Could you copy exactly the lines below, beginning at the line with "一世人兩叔姪,竟然搞到反目成" and stopping after the line with "Super snygg svart", with no pictures?

» **Exercise inputs**
Start of Block

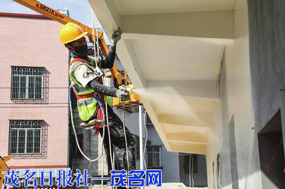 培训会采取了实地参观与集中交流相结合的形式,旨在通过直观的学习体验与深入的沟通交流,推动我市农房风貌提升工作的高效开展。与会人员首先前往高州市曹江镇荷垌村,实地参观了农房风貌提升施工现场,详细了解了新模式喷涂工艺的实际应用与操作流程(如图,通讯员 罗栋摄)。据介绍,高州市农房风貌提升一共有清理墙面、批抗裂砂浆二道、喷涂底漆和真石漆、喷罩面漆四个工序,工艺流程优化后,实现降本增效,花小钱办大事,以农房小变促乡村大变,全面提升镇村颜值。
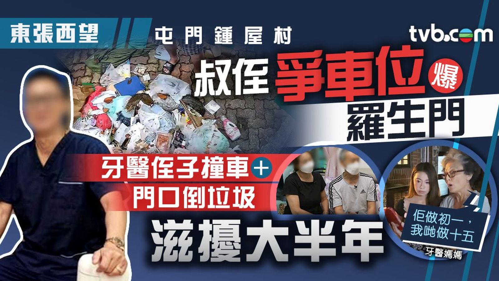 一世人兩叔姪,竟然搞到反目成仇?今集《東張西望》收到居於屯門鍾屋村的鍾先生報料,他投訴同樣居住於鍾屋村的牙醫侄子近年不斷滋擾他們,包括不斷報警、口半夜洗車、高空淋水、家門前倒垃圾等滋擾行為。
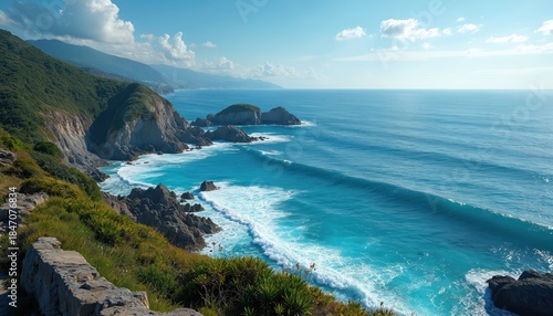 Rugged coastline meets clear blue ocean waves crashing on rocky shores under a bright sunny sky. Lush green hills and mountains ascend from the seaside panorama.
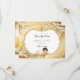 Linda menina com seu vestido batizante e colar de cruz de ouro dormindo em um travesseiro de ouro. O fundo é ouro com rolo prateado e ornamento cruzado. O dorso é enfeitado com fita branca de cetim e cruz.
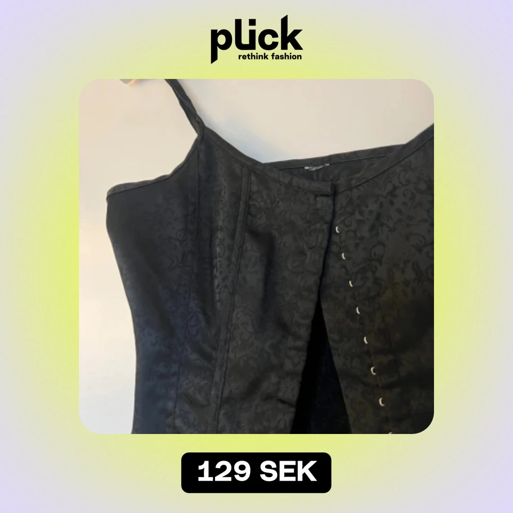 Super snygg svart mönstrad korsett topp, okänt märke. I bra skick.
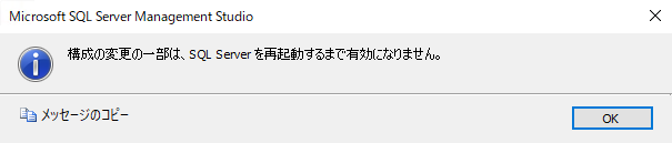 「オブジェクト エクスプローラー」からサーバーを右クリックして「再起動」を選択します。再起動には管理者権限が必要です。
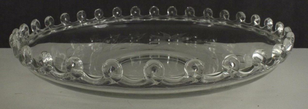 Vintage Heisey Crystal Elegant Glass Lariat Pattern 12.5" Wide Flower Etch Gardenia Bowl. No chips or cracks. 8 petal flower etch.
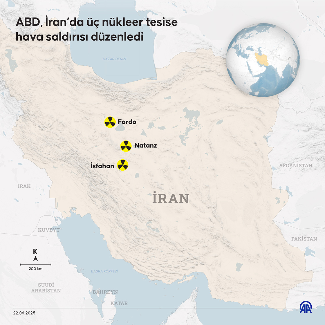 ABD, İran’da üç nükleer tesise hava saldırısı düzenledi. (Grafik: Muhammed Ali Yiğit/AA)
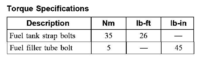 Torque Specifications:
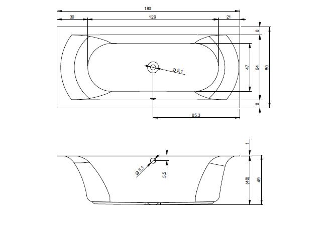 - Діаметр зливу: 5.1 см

End of Block
Start of Block

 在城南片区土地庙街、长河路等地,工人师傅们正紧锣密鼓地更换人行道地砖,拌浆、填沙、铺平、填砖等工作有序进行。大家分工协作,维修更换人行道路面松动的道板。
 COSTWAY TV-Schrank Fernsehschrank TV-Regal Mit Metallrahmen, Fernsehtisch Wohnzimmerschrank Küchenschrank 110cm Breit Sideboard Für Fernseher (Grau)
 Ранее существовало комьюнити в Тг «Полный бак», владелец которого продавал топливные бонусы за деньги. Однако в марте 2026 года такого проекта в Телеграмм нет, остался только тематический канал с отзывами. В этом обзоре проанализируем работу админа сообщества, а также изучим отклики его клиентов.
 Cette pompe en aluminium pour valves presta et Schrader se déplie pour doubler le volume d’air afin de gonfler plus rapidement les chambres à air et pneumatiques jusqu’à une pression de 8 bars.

End of Block

» **Result for this task**
 一世人兩叔姪,竟然搞到反目成仇?今集《東張西望》收到居於屯門鍾屋村的鍾先生報料,他投訴同樣居住於鍾屋村的牙醫侄子近年不斷滋擾他們,包括不斷報警、口半夜洗車、高空淋水、家門前倒垃圾等滋擾行為。
 Rugged coastline meets clear blue ocean waves crashing on rocky shores under a bright sunny sky. Lush green hills and mountains ascend from the seaside panorama.
 Linda menina com seu vestido batizante e colar de cruz de ouro dormindo em um travesseiro de ouro. O fundo é ouro com rolo prateado e ornamento cruzado. O dorso é enfeitado com fita branca de cetim e cruz.
 Super snygg svart mönstrad korsett topp, okänt märke. I bra skick.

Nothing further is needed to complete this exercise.